To achieve this goal, a cornerstone of our work is to enable migration of C/C++ applications from one ISA to another. Popcorn Linux currently implements this feature between the x86-64 and ARM64 ISAs, using a compiler toolchain (based on LLVM) which produces multi-ISA binaries, a distributed operating system (based on Linux), and a set of components which transform the state of an application from one ISA to the other at runtime. Taken together, this infrastructure enables POSIX/OpenMP C/C++ applications, including legacy code, to transparently execute in multi-ISA environments with little architecture-specific code, allowing high performance and energy gains.
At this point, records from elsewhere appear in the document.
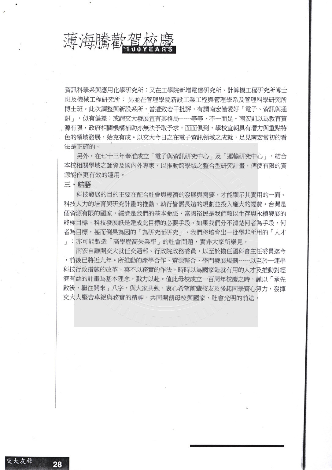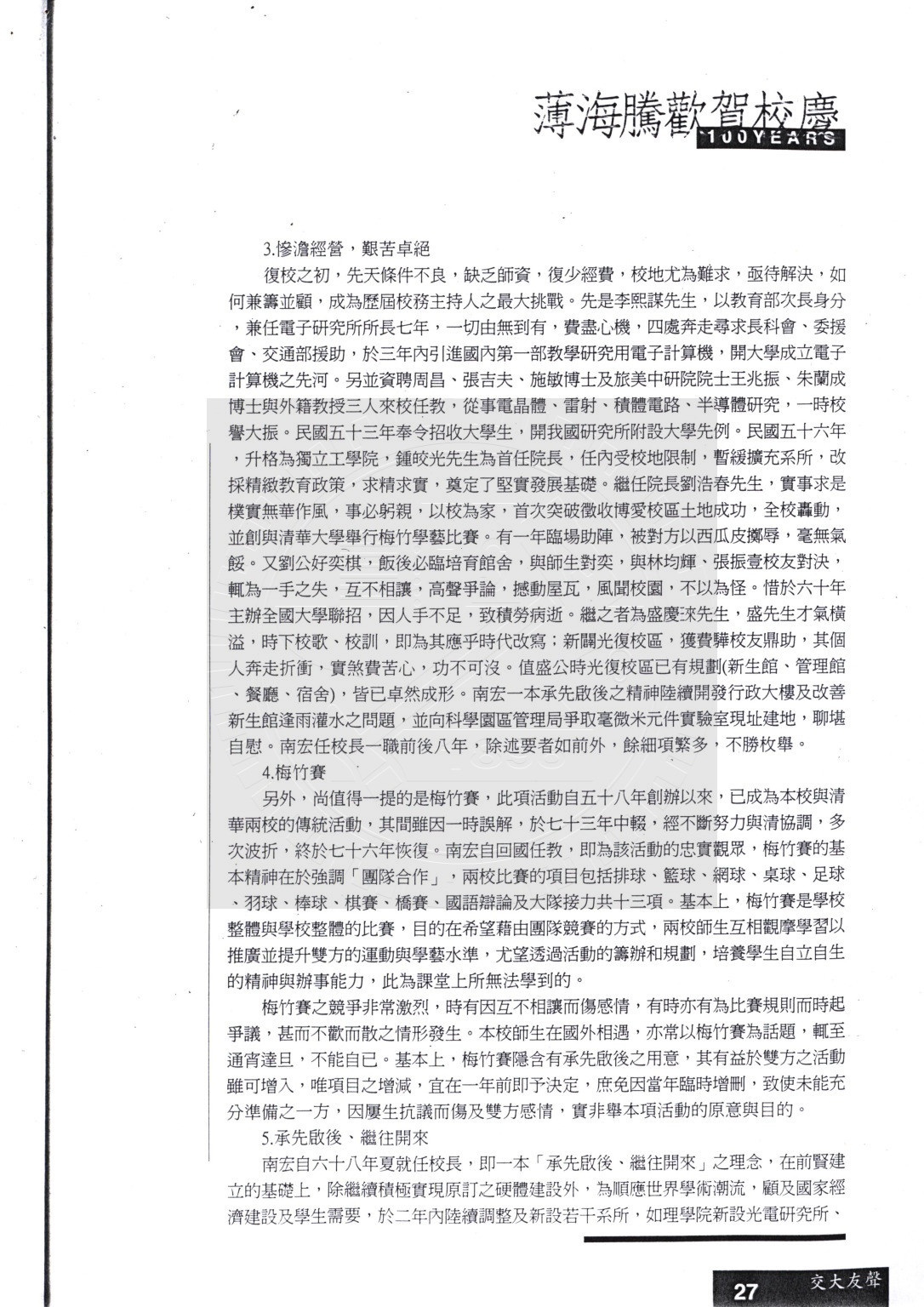 典藏地:交大校區 說明:母校成立一百周年感言 (郭南宏),刊載於《友聲》第355期 第26至28頁。 資料類型:剪輯資料 典藏號:101-0108-001-018 品名:母校成立一百周年感言 作者:郭南宏 年代:1996 出版者:交大《友聲》 數量:1篇 稽核資料:3頁 版本: 影印稿 作品語文: 中文 關鍵詞:母校、百周年 權利聲明:國立陽明交通大學圖書館珍藏資料,如需引用,請註明來源。 取用權:開放
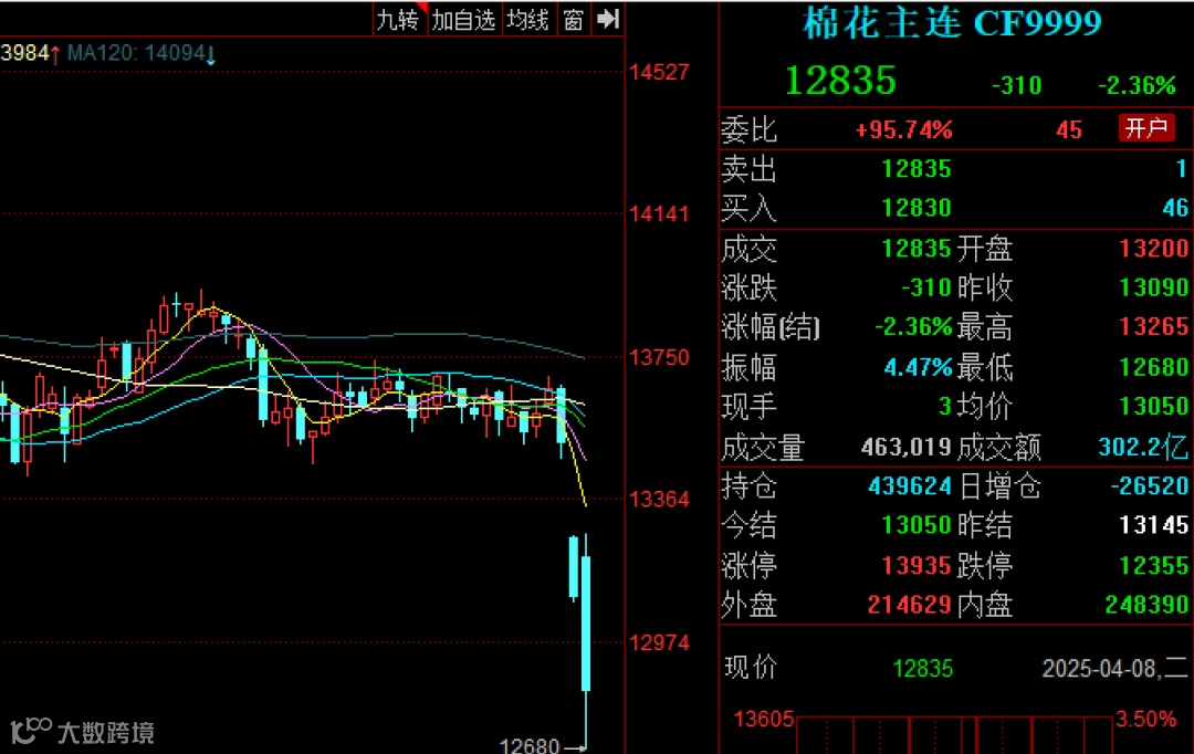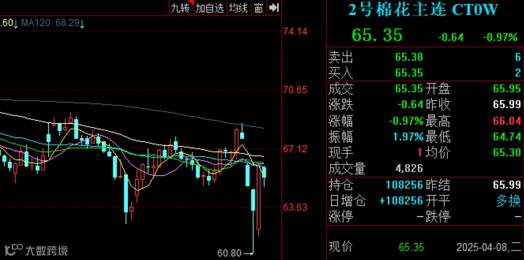 4月4日,中国再度对美国的“对等关税”采取对应措施,国务院关税税则委员会宣布自2025年4月10日起,对原产于美国的进口商品加征34%关税,由此将导致美棉价格出现较大幅度上升,国内纺企将无法接受过高价格的美棉,并且其它高性价比进口棉将替代美棉,这意味着美棉进口中国的机会完全丧失。这引发外盘美棉期货盘中跳水,ICE主力5月期棉盘中触及跌停60.80美分/磅,刷新4年半新低。
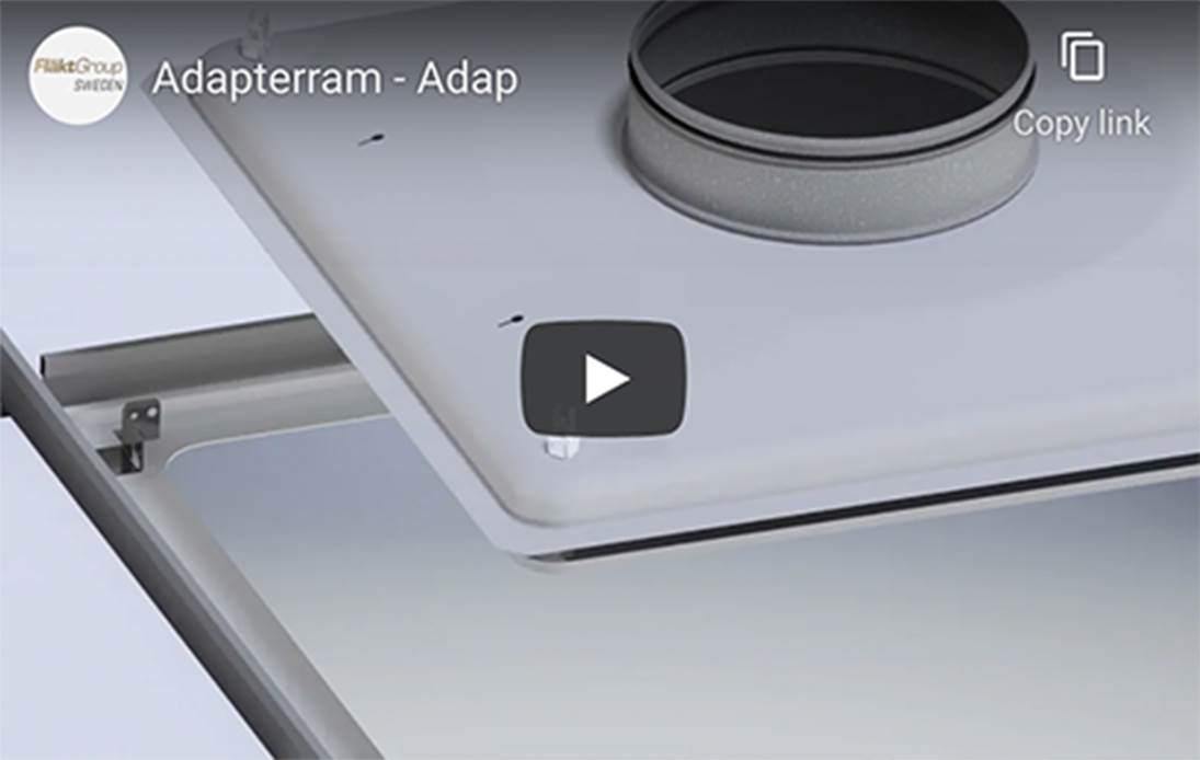 Sovitekehystä voidaan käyttää yhdessä tiettyjen pyöreiden ja suorakulmaisten (535 x 535 mm) hajottimien kanssa. ADAP on helppo asentaa ja se sopii useimpiin 600 x 600 mm:n alakattojärjestelmiin. Kooltaan 595 x 595 mm olevat suorakulmaiset hajottimet voidaan asentaa suoraan A-reunaisiin kattolevyihin ilman sovitekehystä.
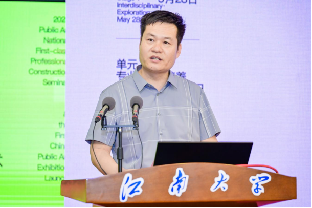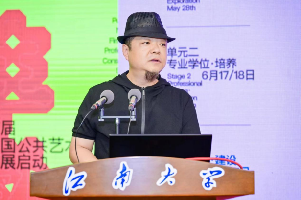 郑靖以《从造型美学到空间诗词——中国美术一本道公共艺术专业建设实践》为题进行了主旨报告,分享了中国美术一本道公共艺术专业建设的实践历程和发展变革。并且对中国美术一本道公共艺术专业的教学内容和实践案例进行了详细介绍,分享了自己在公共艺术领域的创作实践,以及未来的研究和实践计划。

The first part of the talk will put the focus on the compiling infrastructure and present more generally the current implementation of our Arm64/x86-64 migration setup. The second part of the talk will depict the design and implementation of an in-kernel distributed shared memory system to ease thread migration. Finally, the third part of the talk will present ongoing work related
to migration of simple virtual machines (unikernels) across ISAs.

Tags

Heterogeneous Computing, Application/thread Migration

Speakers

  • Sang-Hoon Kim

    Virginia Tech

    Biography

    Dr. Sang-Hoon Kim is a Postdoctoral Associate at the Bradley Department of Electrical and Computer Engineering at Virginia Tech, and have been working with Dr. Ravindran from 2016 fall. Before joining Virginia Tech, he received his Ph.D. in Computer Science from Korea Advanced Institute of Science and Technology (KAIST) in 2016. His doctoral dissertation focuses on the memory management in mobile devices. His research interest includes the storage systems and distributed systems as well as memory systems, and he published the work to high-ranked international conferences and journals. Before starting his Ph.D., he worked for start-up companies to build network intrusion detecting systems (IDS) that were deployed to commercial data centers and Korea government organizations.

  • Rob Lyerly

    Virginia Tech

    Biography

    I am an enthusiastic and hardworking student who is constantly exploring new technologies in computer engineering & science. While I have many broad interests in computing, my heart lies at the intersection of hardware and software – namely Computer Systems and Systems Software, ranging from operating systems & runtimes to compilers & heterogeneous architectures. I am currently working towards earning my Ph.D. in Computer Engineering at Virginia Tech.

  • Pierre Olivier

    Virginia Tech

    Biography

    I am a Postdoctoral Associate working in the Electrical and Computer Engineering department at Virginia Tech. My main topic of research concerns Operating Systems. More precisely, I am working on virtualization on the topic of Unikernels in various environments (Xen/Kvm).